[Stored records]
################
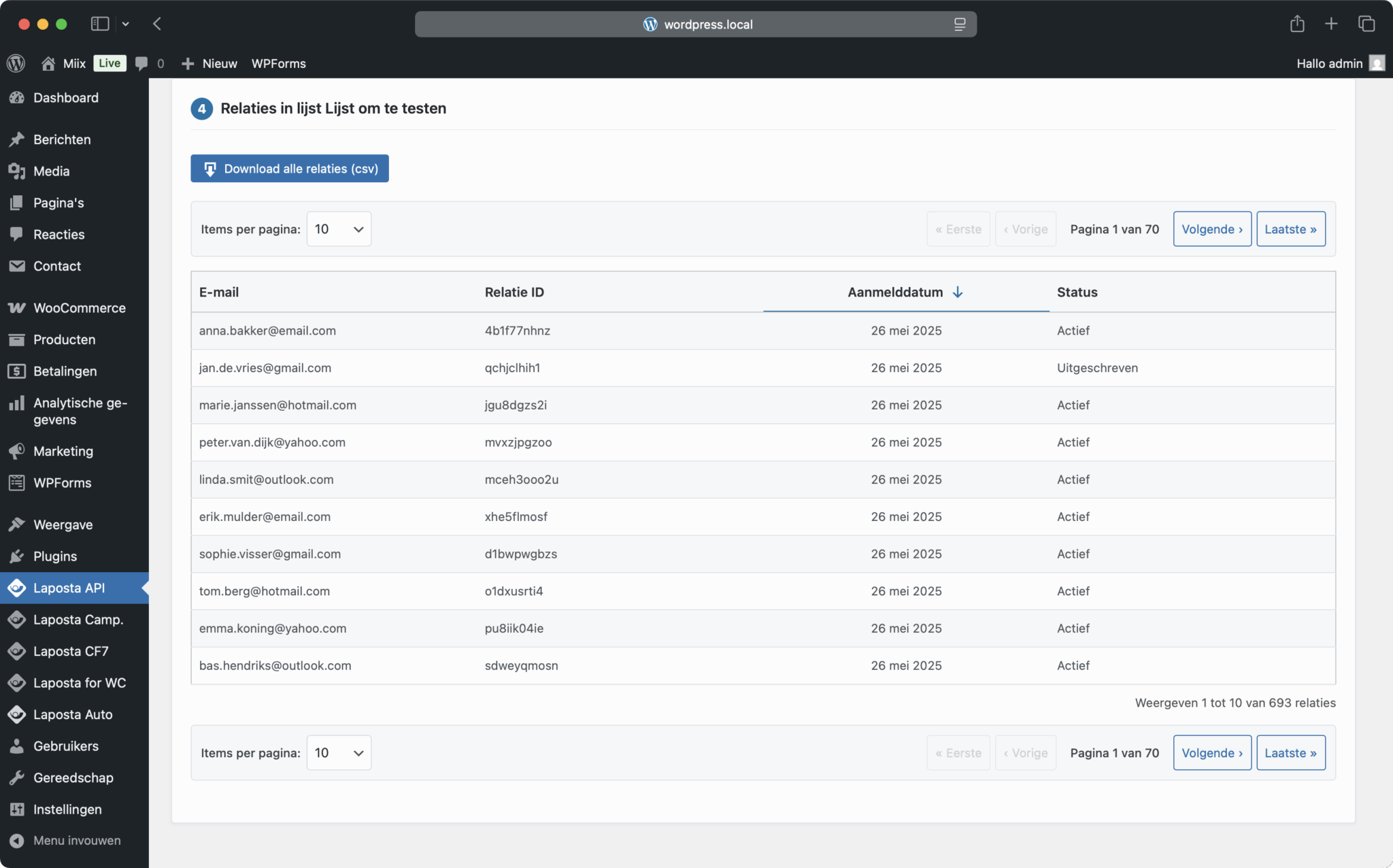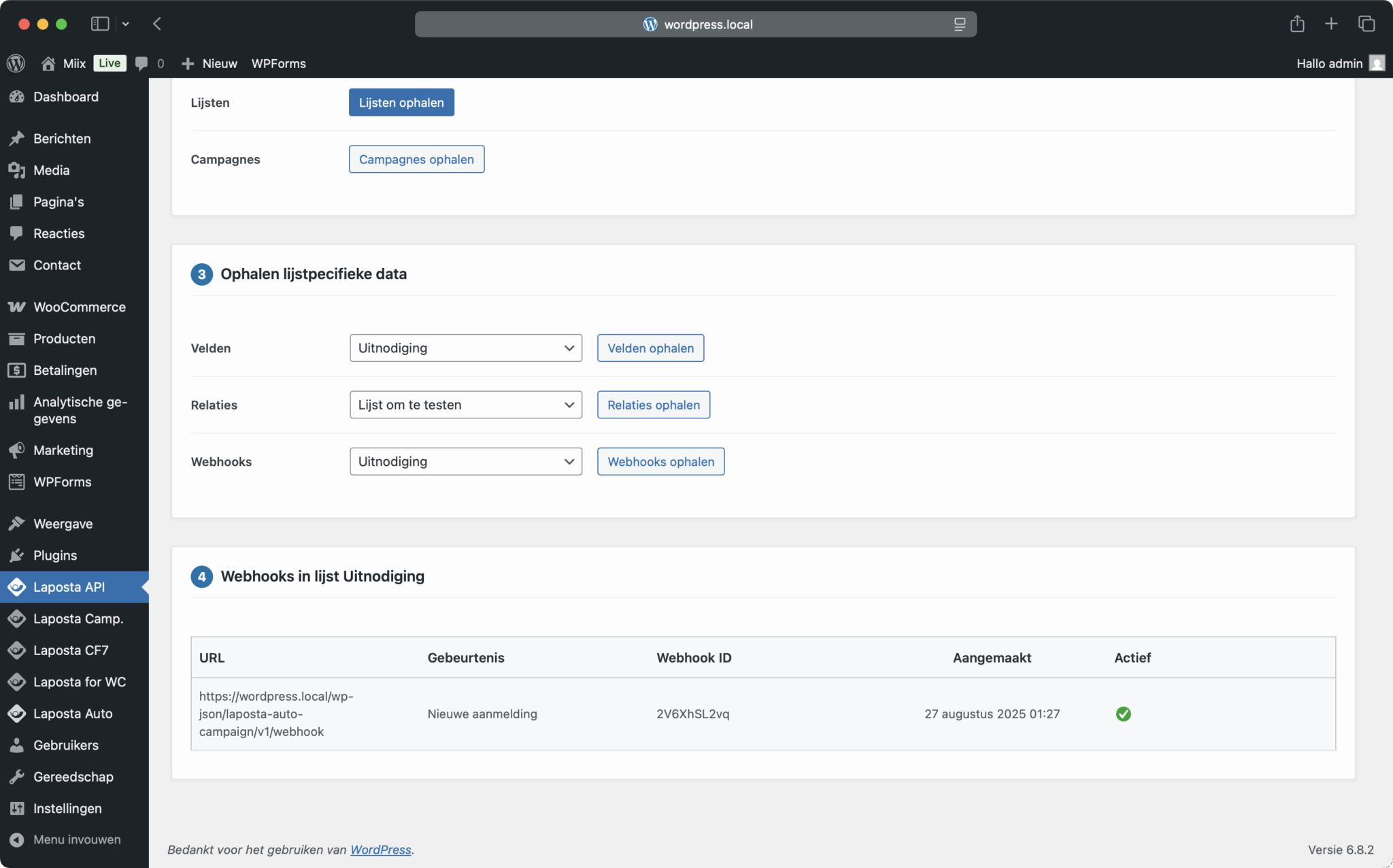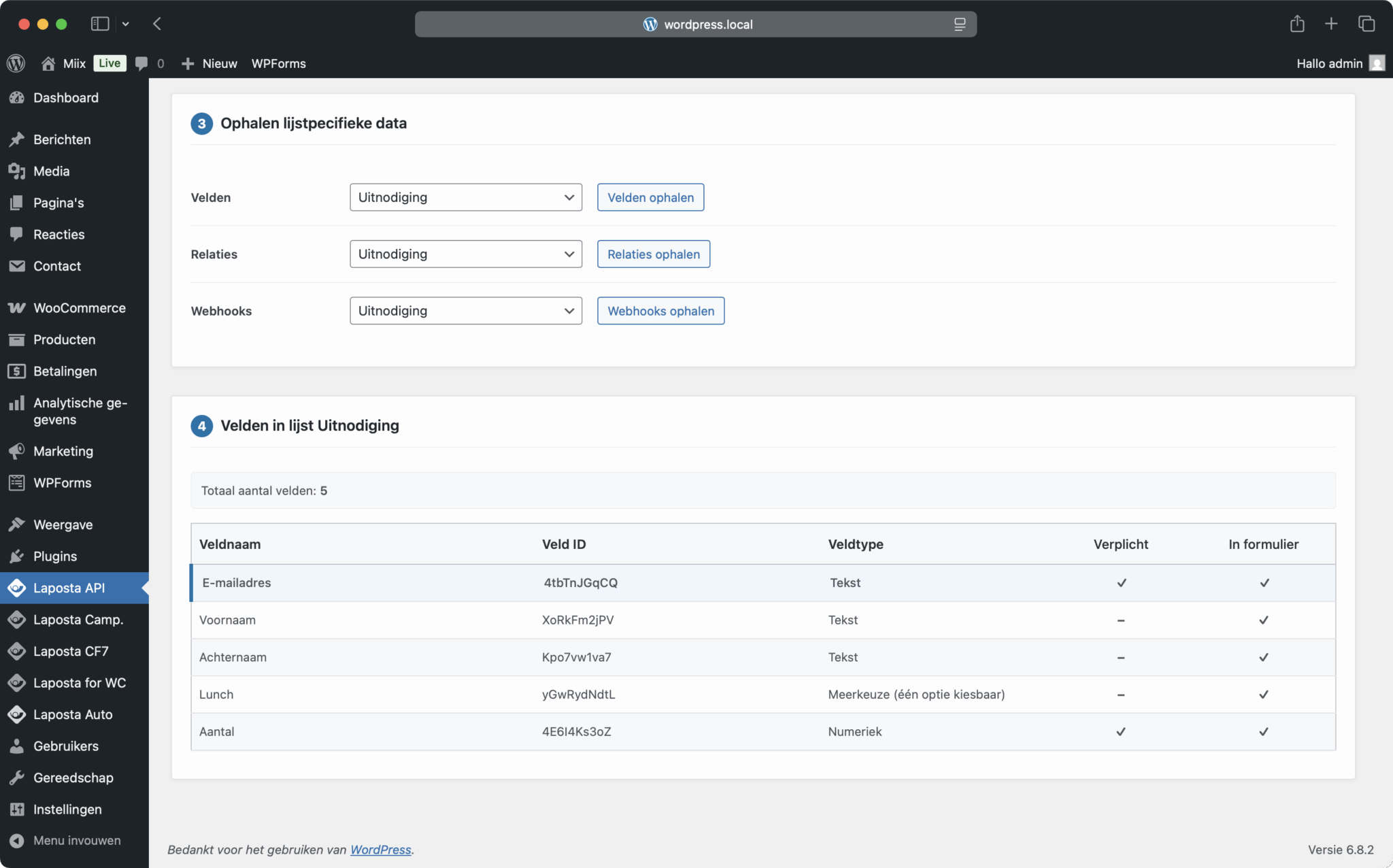 - Vereist door Laposta for WooCommerce, Laposta Campaigns, Laposta Auto Campaign, Laposta CF7 en Laposta for WPForms
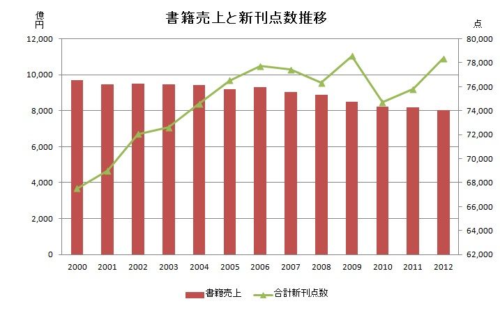 総売上が落ちてる(=市場がシュリンクしてる)のに、商品(新刊)の数を増やしたら、商品あたりの売り上げが落ちる(=本が売れなくなったとか言われる)のは当たり前ですよね。
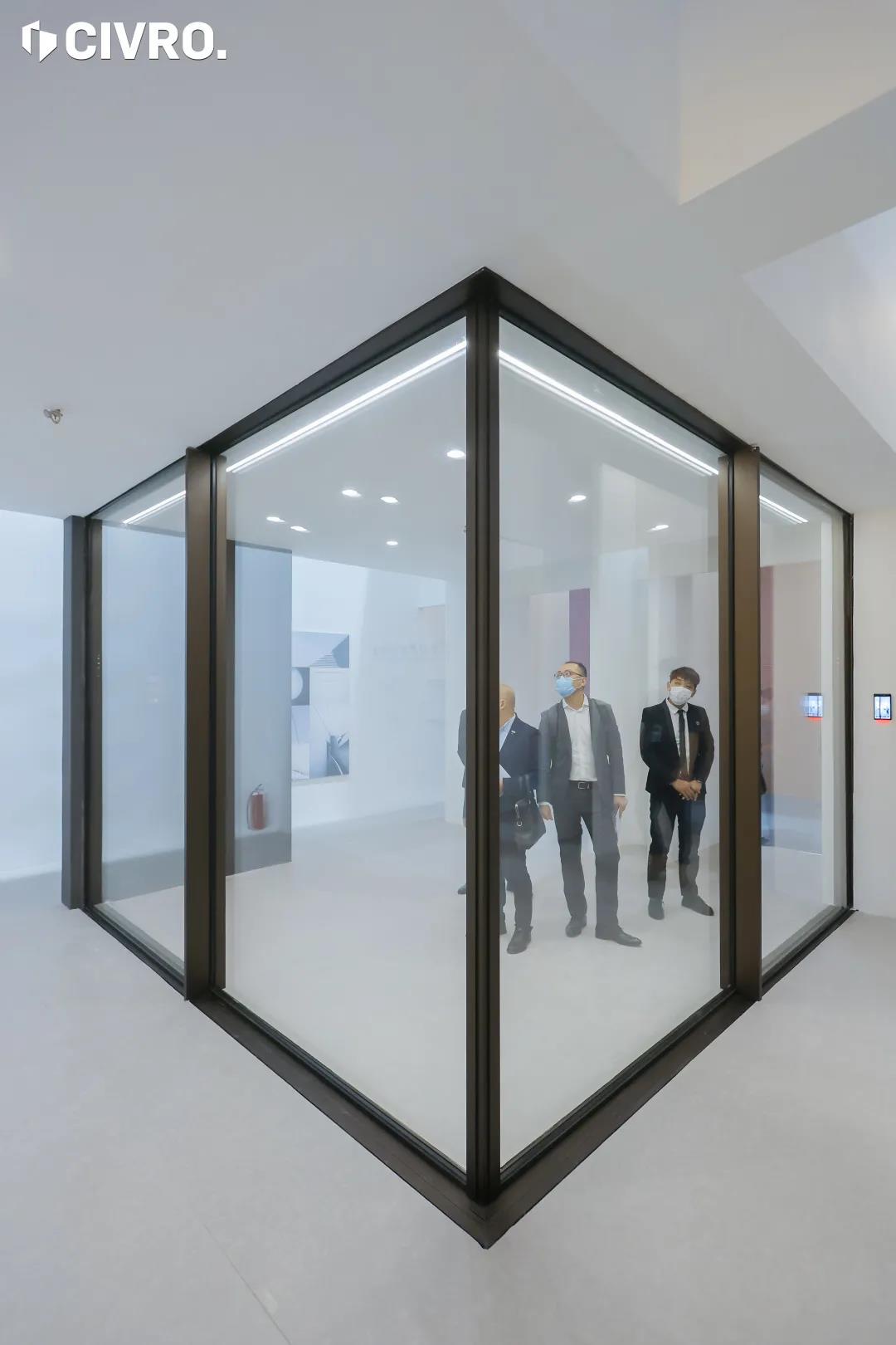 与传统门窗存在形式截然不同,打破常规的门窗存在状态被CIVRO焕新解码。窄至极限但性能丝毫不妥协的无障碍通行推拉门,商用级别人脸识别功能的智能锁闭系统,转角无立柱全视野落地窗,通风换气自循环隐藏式电机电动“悬浮屏”平推窗系统,极具极简风格的金属与玻璃材质的全功能智能铝板门,全埋式100%玻璃无框护栏,“Tooth-hook”(勾齿链)专利工艺加持的灵动护墙装饰系统,结合现代技术标志——电动化、智能化,与展厅外围矩阵式结构对比,产生强烈“立与破”颠覆体验,在固定的掣肘中,呈现鲜明有力的突破价值。
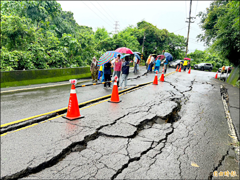 交工局長汪令堯表示,昨天下午已封閉道路搶修,道路中線打鋼板樁避免路面持續滑動,一週內恢復道路雙向通車,後續會向中央報請災後復建改善。
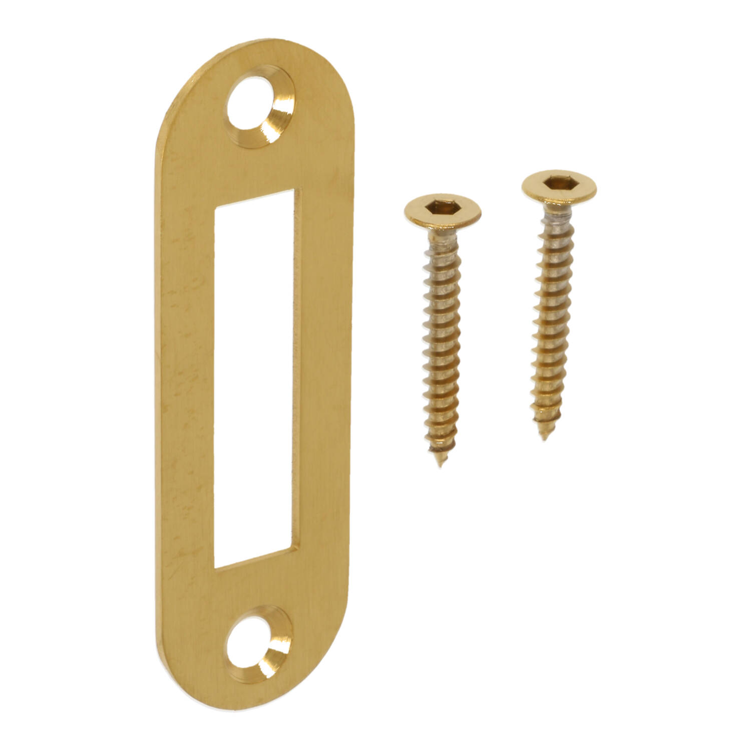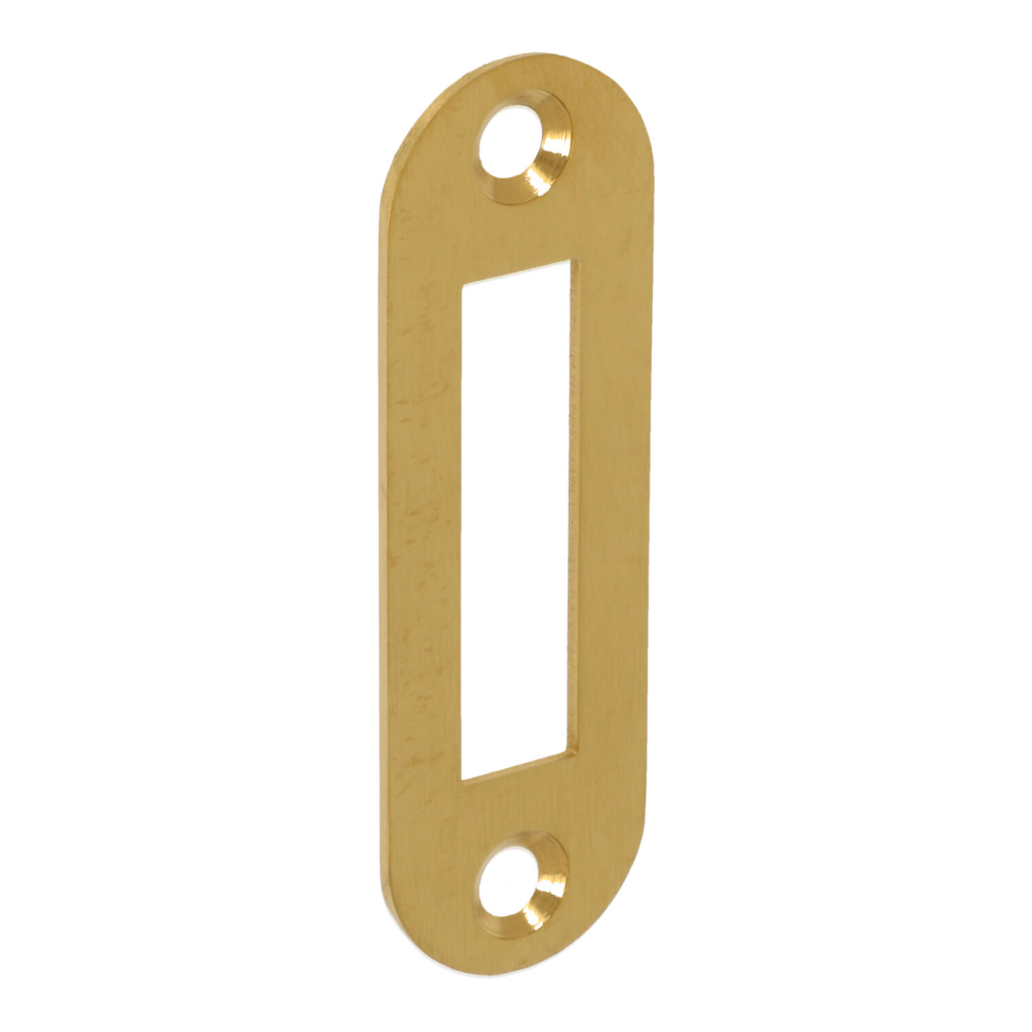 Afgeronde sluitplaat PVD mat goud voor de kastsloten van FORMANI. Deze sluitplaat komt uit de serie BASICS van Formani. De sluitplaat heeft dezelfde finish als al het deurbeslag van FORMANI in de finish PVD mat goud! Deze sluitplaat wordt standaard geleverd inclusief houtschroeven in dezelfde finish.
################
EXERCISE DESCRIPTION
Repeat every line above exactly, but omit all images.

EXERCISE ANSWER
 - Vereist door Laposta for WooCommerce, Laposta Campaigns, Laposta Auto Campaign, Laposta CF7 en Laposta for WPForms
 総売上が落ちてる(=市場がシュリンクしてる)のに、商品(新刊)の数を増やしたら、商品あたりの売り上げが落ちる(=本が売れなくなったとか言われる)のは当たり前ですよね。
 与传统门窗存在形式截然不同,打破常规的门窗存在状态被CIVRO焕新解码。窄至极限但性能丝毫不妥协的无障碍通行推拉门,商用级别人脸识别功能的智能锁闭系统,转角无立柱全视野落地窗,通风换气自循环隐藏式电机电动“悬浮屏”平推窗系统,极具极简风格的金属与玻璃材质的全功能智能铝板门,全埋式100%玻璃无框护栏,“Tooth-hook”(勾齿链)专利工艺加持的灵动护墙装饰系统,结合现代技术标志——电动化、智能化,与展厅外围矩阵式结构对比,产生强烈“立与破”颠覆体验,在固定的掣肘中,呈现鲜明有力的突破价值。
 交工局長汪令堯表示,昨天下午已封閉道路搶修,道路中線打鋼板樁避免路面持續滑動,一週內恢復道路雙向通車,後續會向中央報請災後復建改善。
 Afgeronde sluitplaat PVD mat goud voor de kastsloten van FORMANI. Deze sluitplaat komt uit de serie BASICS van Formani. De sluitplaat heeft dezelfde finish als al het deurbeslag van FORMANI in de finish PVD mat goud! Deze sluitplaat wordt standaard geleverd inclusief houtschroeven in dezelfde finish.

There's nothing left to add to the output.